*** Opening of SOURCE MATERIAL ***

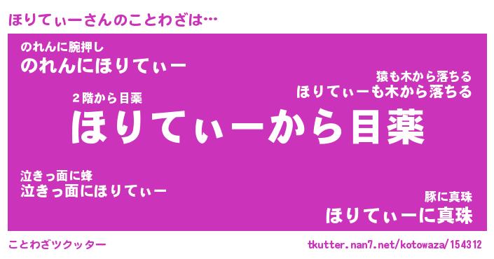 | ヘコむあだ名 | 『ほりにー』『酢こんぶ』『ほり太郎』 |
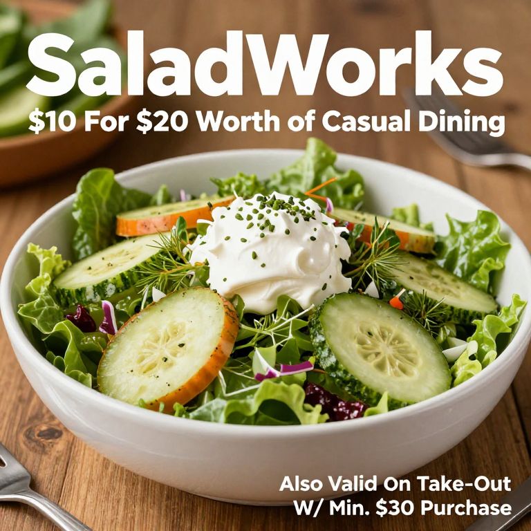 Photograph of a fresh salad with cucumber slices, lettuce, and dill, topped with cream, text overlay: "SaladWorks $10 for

*** Close of SOURCE MATERIAL ***
*** Opening of SOURCE MATERIAL ***

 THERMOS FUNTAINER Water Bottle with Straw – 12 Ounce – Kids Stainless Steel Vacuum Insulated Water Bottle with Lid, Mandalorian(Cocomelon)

*** Close of SOURCE MATERIAL ***

AIM OF THE TASK:
Write down exactly what the lines above say, from the line holding "ヘコむあだ名 | 『ほりにー』『酢こんぶ』『ほり太郎』 |" through the line holding "Photograph of a", and nothing more. Do not copy the pictures.

ANSWER BELOW:
 | ヘコむあだ名 | 『ほりにー』『酢こんぶ』『ほり太郎』 |
 Photograph of a fresh salad with cucumber slices, lettuce, and dill, topped with cream, text overlay: "SaladWorks $10 for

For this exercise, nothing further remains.